Let’s put together some summary graphs.
Cooling - scatter plot separating 3.50 vs. 7 meter buildings by wall area and glazing ratio.
ggplot(eedatanumeric, aes(y = cooling.load, x = wall.area)) + geom_point(aes(color = glazing.area)) + facet_wrap(~overall.height) + labs(x = "wall area", y = "cooling load")
ggplot(eedatanumeric, aes(y = cooling.load, x = glazing.area)) + geom_point(aes(color = wall.area)) + facet_wrap(~overall.height) + labs(x = "glazing area ratio", y = "cooling load")
Heating - scatter plot separating 3.50 vs. 7 meter buildings by wall area and glazing ratio.
ggplot(eedatanumeric, aes(y = heating.load, x = wall.area)) + geom_point(aes(color = glazing.area)) + facet_wrap(~overall.height) + labs(x = "wall area", y = "heating load")
ggplot(eedatanumeric, aes(y = heating.load, x = glazing.area)) + geom_point(aes(color = wall.area)) + facet_wrap(~overall.height) + labs(x = "glazing area ratio", y = "cooling load")
As we can see be the summary graphs, it appears that as the glazing area ratio and wall area increase, the heating and cooling loads will generally increase as well.
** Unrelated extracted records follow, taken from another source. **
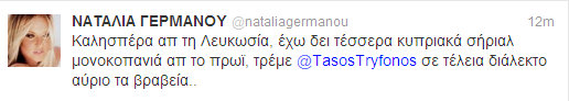 Η Ναταλία πριν από λίγο έγραψε στο twitter της: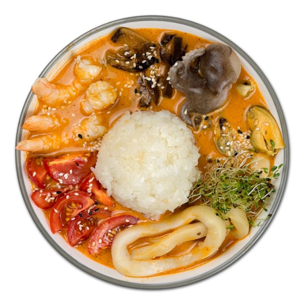Склад:креветка тигрова, мідії, кальмар, восьминіг, чері, гриби шиїтаке, рис на пару, том ям паста, кокосове молоко, соус устричний, рибний соус, кінза, мікс кунжуту, вода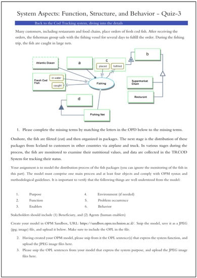To prepare the participants for developing their tasks, we developed four food-related online assignments containing short videos, photos, text segments, and OPM models, with each assignment consisting of a questionnaire and a quiz. The first assignment, for example, was in the context of chocolate production, followed by a quiz on cod fish processing. The content of the entire learning process and an example from the third online assignment are presented in Table 1 and Figure 1, respectively. This learning process is described in more detail by Akiri and colleagues [12], who concluded that this process is useful in endowing students with the basics of systems thinking and conceptual modeling in a relatively short intervention. We applied this finding in the current research.

This is also shown by graphing the actual glazing area (glazing area ratio * wall area) against the heating and cooling loads. However, due to low quality of fit in many of the tests run in this analysis, it appears there may be more factors influencing the response variables.
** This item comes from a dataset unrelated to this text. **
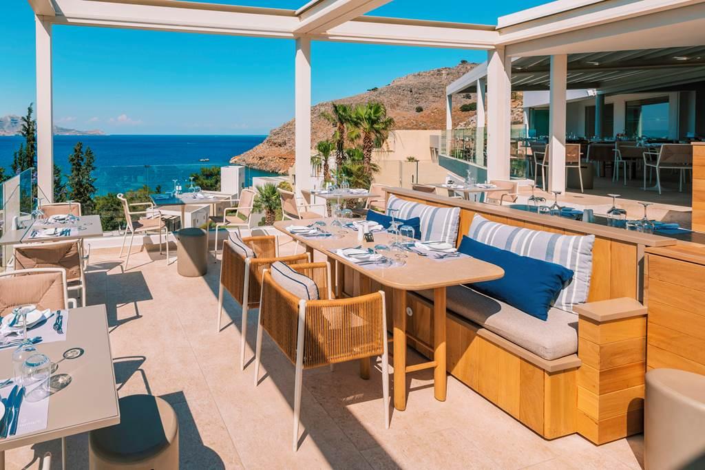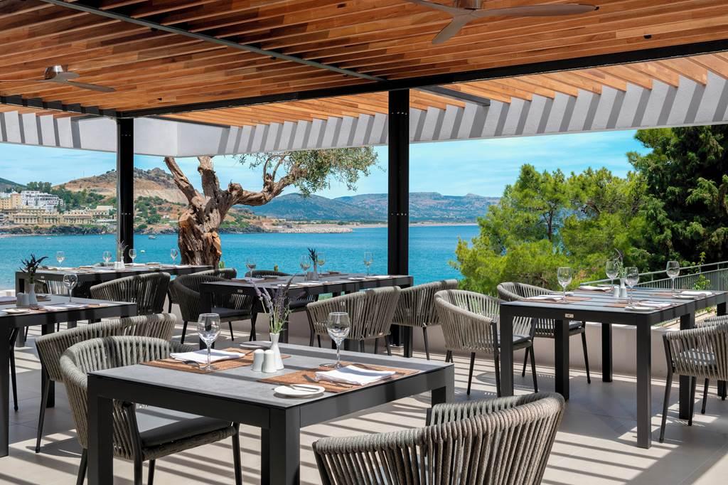 Hotel ponúka niekoľko možností stravovania, ktoré si môžete vychutnať počas celého pobytu. Kvalitná grécka a medzinárodná kuchyňa. Vychutnajte si jedlá z miestnych čerstvých organických surovín. Osviežujúce nápoje sa podávajú v bare pri bazéne a hostia môžu stolovať v a la carte s tradičnou pecou na drevo. S tromi reštauráciami (reštaurácia „Pelagos“ Rhodian, hlavná reštaurácia „Estia“ a  „Meltemi“ Reštaurácia), dva bary ponúkajúce koktaily pred alebo po večeri a klasické salóniky.

ggplot(eedatanumeric, aes(y = cooling.load, x = glazing.area)) + geom_point(aes(color = glazing.area.actual)) + facet_wrap(~overall.height) + labs(x = "glazing area ratio", y = "cooling load")
ggplot(eedatanumeric, aes(y = heating.load, x = glazing.area)) + geom_point(aes(color = glazing.area.actual)) + facet_wrap(~overall.height) + labs(x = "glazing area ratio", y = "heating load")